An experience-dependent glial pruning mechanism in a critical period of the powerful Drosophila genetic system. Glia were found to be recruited to synaptic glomeruli in response to critical period sensory experience to mediate dose-dependent pruning. Using a combination of mutants, transgenic RNAi and glial-targeted expression studies, this study dissected core mechanisms of critical period pruning. The glial Draper engulfment receptor (MEGF10/Jedi) drives experience-dependent pruning. Downstream signaling antagonism between positive Basket (JNK) and negative Puckered (DUSP) functions controls critical period glial pruning. draper RNAi with a draper null, and basket RNAi results with puckered phosphatase overexpression. Early-life sensory odorant experience induces activated Basket translocation into remodeling glia nuclei, driving cheerio gene transcription to strongly upregulate Cheerio (FLNA) expression in the glia infiltrating synaptic glomeruli. This F-actin linking signaling scaffold is absolutely essential for targeted critical period glial pruning, and consequently sensory experience drives the remodeling of the F-actin cytoskeleton in glia infiltrating synaptic glomeruli. Together, these results reveal a glial pruning mechanism that is experience-dependent and temporally-restricted, connecting Draper receptor activation, nuclear translocation signaling, and F-actin cytoskeleton regulation (Nelson, 2024).

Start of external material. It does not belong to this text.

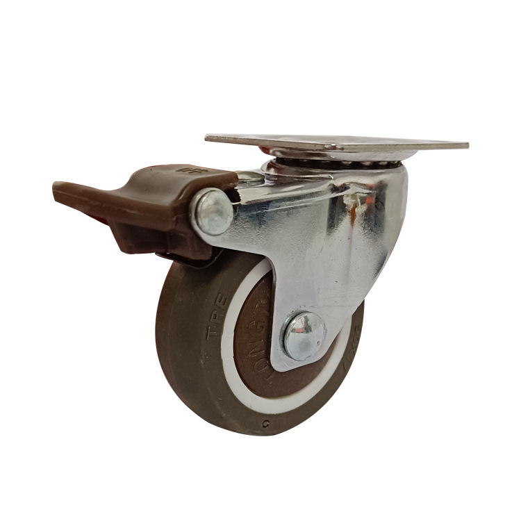 批发镀铬工业脚轮稳固静音顺滑轮带刹车脚轮2寸手推车万向轮子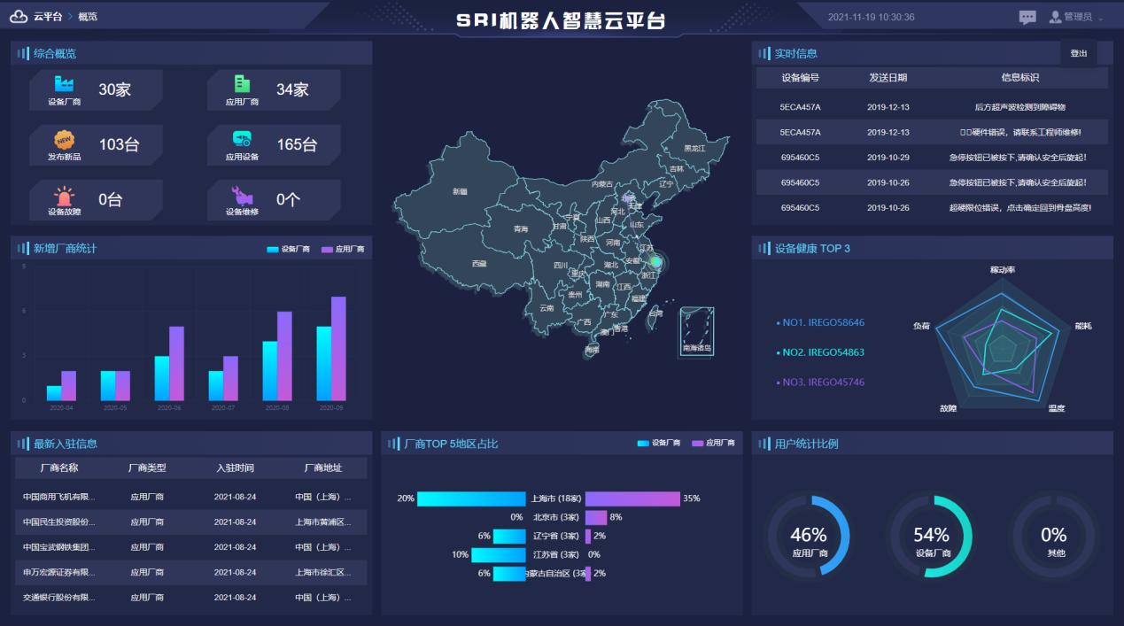 主要用于机器人设备的生产厂商和应用厂商对各自生产与使用的设备进行实时的监控、分析和管理。通过云技术打破线下管理作业的繁琐滞后等陈旧常规,实现机器人行业设备数据的实时共享与应用。具有如下功能:

Different classes of olfactory sensory neurons can either expand or retract synaptic arbors based on critical period experience. The Or42a OSNs exhibit striking synapse elimination. Glia infiltrate synaptic glomeruli in response to critical period experience to mediate dose-dependent pruning. Only the EB-responsive VM7 glomerulus has been tested so far, and studies are needed for other odorant-selective glomeruli to determine the generalization of this mechanism. Glia subclasses differentially refine OSN synaptic architecture in a Draper-dependent mechanism. Three glial classes function as phagocytes and can act cooperatively for neuronal phagocytosis in Drosophila juvenile brains. In the critical period, only ensheathing glia employ Draper for experience-dependent synapse pruning. Draper receptors activate Basket/JNK signaling to induce neuronal phagocytosis in early development (larval-pupal transition) and following injury. However, there was no link to experience or circuit remodeling. This study discovered glial Draper→Basket signaling is essential for experience-dependent and temporally-restricted glial pruning. Draper also activates Src42a/Shark signaling, which has not been implicated in this study. The Puckered phosphatase inhibits glial pruning. Glial-targeted RNAi of the other pathway components (e.g.hep, jra, kay), could provide additional insights for determining the signaling mechanisms controlling critical period experience-dependent glial pruning (Nelson, 2024).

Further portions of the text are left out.